Experts generally recommend that adults get at least seven hours of sleep per night. However, sleep needs can vary dramatically from person to person. Our activity level, our health status, age range and many other factors influence how much sleep we need. Sleep need reflects both quantity and, perhaps more importantly, quality. Focusing your effort on simple behavioral changes can yield benefits to both your sleep quantity and quality.

How to get a good night’s sleep

· Regularity: Going to bed at the same time and waking at the same times is essential for maintaining a healthy circadian rhythm. it will anchor our sleep, optimize the quantity and quality of sleep and minimize fique.

· Keep the room cool: Your body needs to drop its core temperature by about two to three degrees Fahrenheit to initiate sleep and to stay asleep; it’s the reason you always find it easier to fall asleep in a room that’s too cold. Aim for bedroom temperature of 65 Fahrenheit or about 18 degrees Celsius, which is the optimal for the sleep of most people.  Taking a shower before bed time also keeps your body cool.

· Darkness:  Light keeps people awake; the body needs total darkness to facilitate deep sleep. The eyes are sensitive to darkness and when it’s dark it signals our brain to produce melatonin which is responsible for making you feel sleepy. This process can be interrupted if your body is exposed light.

· Avoid screen lights before bed: Electronic gadgets like mobile phone, TV and computer constantly emit artificial blue lights that disrupt our sleep circle, make it difficult to fall asleep and prevent us from getting a high-quality sleep thus screens light from electronic gadget should be avoided about 2 hours before sleeping.

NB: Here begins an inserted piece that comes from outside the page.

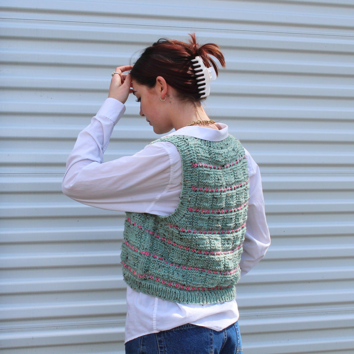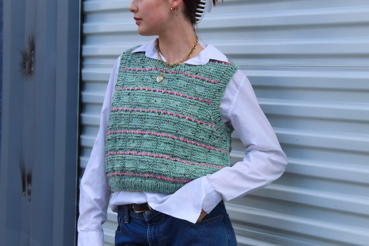 The Festive Biscuit Vest by Nadya Stalling is a pretty design that combines a simple two-color mosaic and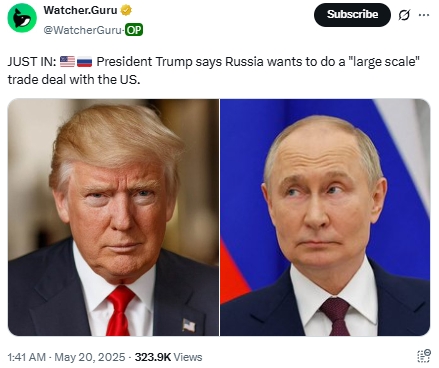 特朗普还表示,乌克兰也可能从与美国达成的潜在贸易协议中受益。他甚至还补充说,以新教皇为代表的梵蒂冈将愿意主持贸易/停火谈判。

· Food: Eating heavy meals during the night should be avoided and eating dinner early part of the night is highly encouraged. This keeps our bodies metabolism down during sleep, which    enhances good sleep and prevent indigestions. stimulant like caffeine, alcohol and nicotine can disrupt deep sleep, and should be avoided 5 to 8 hours before bedtime. Limited water intake 2 to 3 hours before sleep prevent sleep disruption for bowel movement during the night and enhances a good night sleep.

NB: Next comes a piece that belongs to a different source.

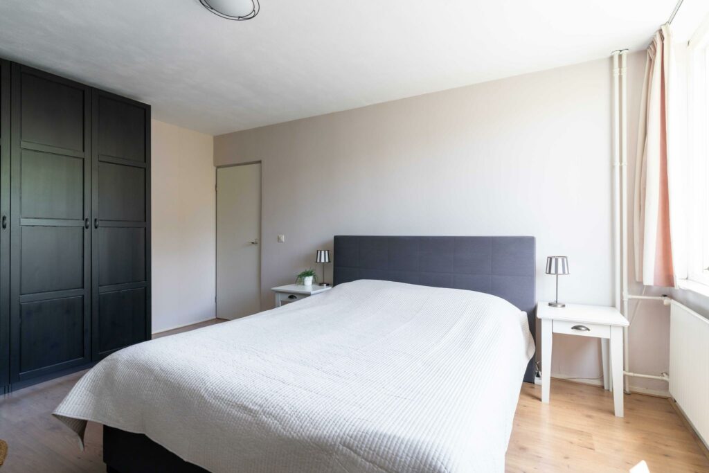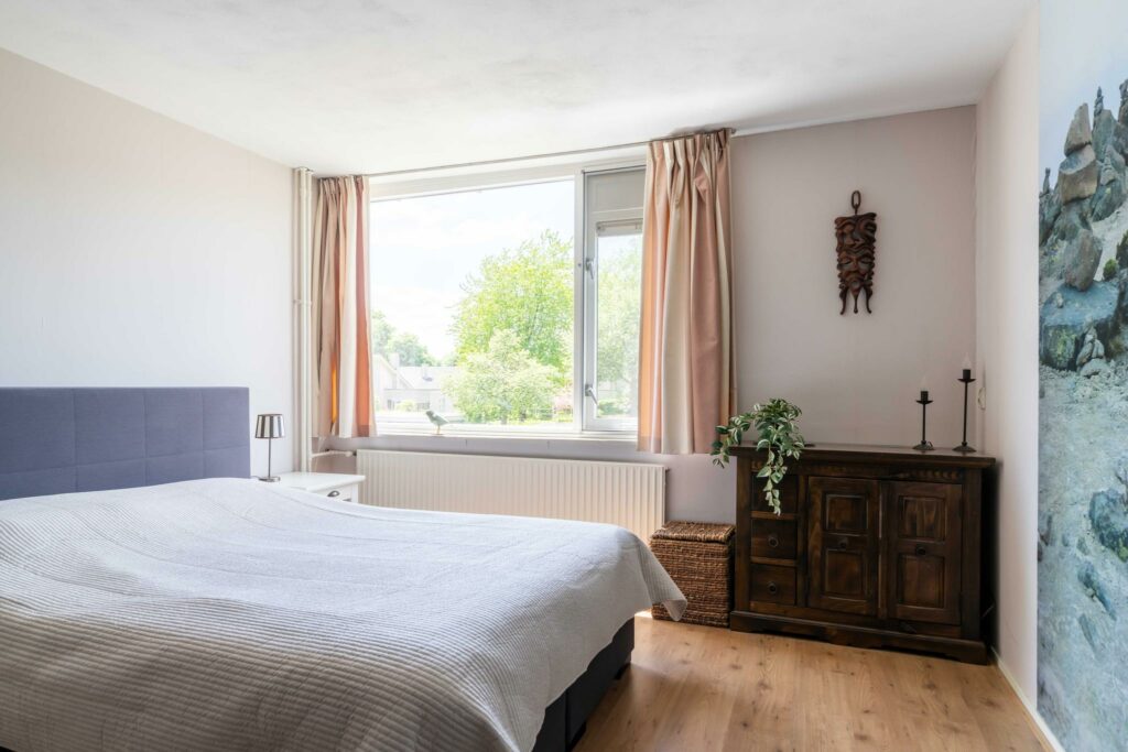 De slaapkamers zijn alle drie van mooi formaat. Twee slaapkamers bevinden zich aan de achterzijde, deze meten respectievelijk ca. 9 en 17 m2. De derde slaapkamer, wederom van goed formaat met ca. 12 m2 bevindt zich aan de voorzijde. Deze slaapkamer heeft een eigen wastafel.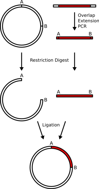 In this example, a gene from mammalian gene library will be subcloned into a bacterial plasmid (destination platform). The bacterial plasmid is a piece of circular DNA which contains regulatory elements allowing for the bacteria to produce a gene product (gene expression) if it is placed in the correct place in the plasmid. The production site is flanked by two restriction enzyme cutting sites "A" and "B" with incompatible sticky ends.

· Sunlight:  Sunlight exposer during the morning is a key factor in regulating and resetting our bodies circadian rhythm. Getting sunlight early in the day give our body a clear signal that it is now daytime and help us fall asleep better later in the night.

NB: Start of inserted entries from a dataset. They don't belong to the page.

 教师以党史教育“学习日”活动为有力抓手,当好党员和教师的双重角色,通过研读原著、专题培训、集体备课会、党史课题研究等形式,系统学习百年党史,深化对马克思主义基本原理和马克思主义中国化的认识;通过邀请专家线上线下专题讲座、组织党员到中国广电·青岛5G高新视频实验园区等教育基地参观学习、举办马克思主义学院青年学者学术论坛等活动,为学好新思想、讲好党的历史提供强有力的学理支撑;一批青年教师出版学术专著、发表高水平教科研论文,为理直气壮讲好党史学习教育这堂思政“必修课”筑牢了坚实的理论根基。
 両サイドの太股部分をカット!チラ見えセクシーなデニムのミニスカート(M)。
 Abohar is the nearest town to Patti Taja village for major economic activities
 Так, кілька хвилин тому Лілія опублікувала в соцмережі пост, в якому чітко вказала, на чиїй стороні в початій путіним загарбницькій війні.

· Exercise: research has shown that exercising in early hours of the day increases our ability to fall asleep easily during the night and improve a good night sleep. Exercise reduces stress level and stress have shown to interfere with sleep quality

Conclusion

The mission-critical statement is, sleep, unfortunately, is not an optional lifestyle luxury. Sleep is a nonnegotiable biological necessity that enables our ability to learn, for our cells and body to recover. It is our life-support system, and it is mother nature’s best effort yet at immortality. And the decimation of sleep is having a catastrophic impact on our health, wellness, and even the education of our children. Sleep deprivation is a silent epidemic, emerging as one the most important public health challenge in the 21st century. That’s why it important to take steps that improve your sleep quality like adjusting your circadian rhythms by practicing good sleep hygiene and developing a regular sleep schedule.